The three biggest threats to estate planning in 2019 are family conflict, market volatility and tax reform, according to a recent survey conducted by TD Wealth.
The survey included 105 respondents who attended the 53rd Annual Heckerling Institute on Estate Planning in January, including attorneys, trust officers, accountants, charitable giving professionals, insurance advisors, elder law specialists, wealth management professionals, educators and nonprofit advisors.
Nearly half of these estate planning experts identified family conflict as the biggest threat to estate planning in 2019.
The survey explored the various causes of family conflict when engaging in estate planning, citing the designation of beneficiaries as the most common cause of conflict. Other leading factors included not communicating the plan with family members and working with blended families.

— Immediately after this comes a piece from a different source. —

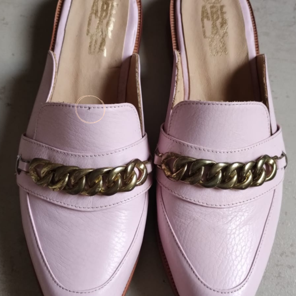 Mocas sin Talón de Cuero Rosa con Cadena.

“Family dynamics have always played a critical role in estate planning. As we start to see more blended families, we expect these conversations to become even more prevalent and challenging,” said Ray Radigan, head of private trust at TD Wealth. “Estate planning comes with the responsibility of motivating families to communicate through difficult times, which requires regular dialogue and complete transparency. To minimize risk, we encourage families to invite everyone to the table to participate in open and honest conversation about their shared goals and objectives.”
Market volatility was also top of mind for respondents in 2019, with nearly a quarter of respondents identifying volatile markets as the biggest threat to estate planning this year. This was up from 12% in 2018.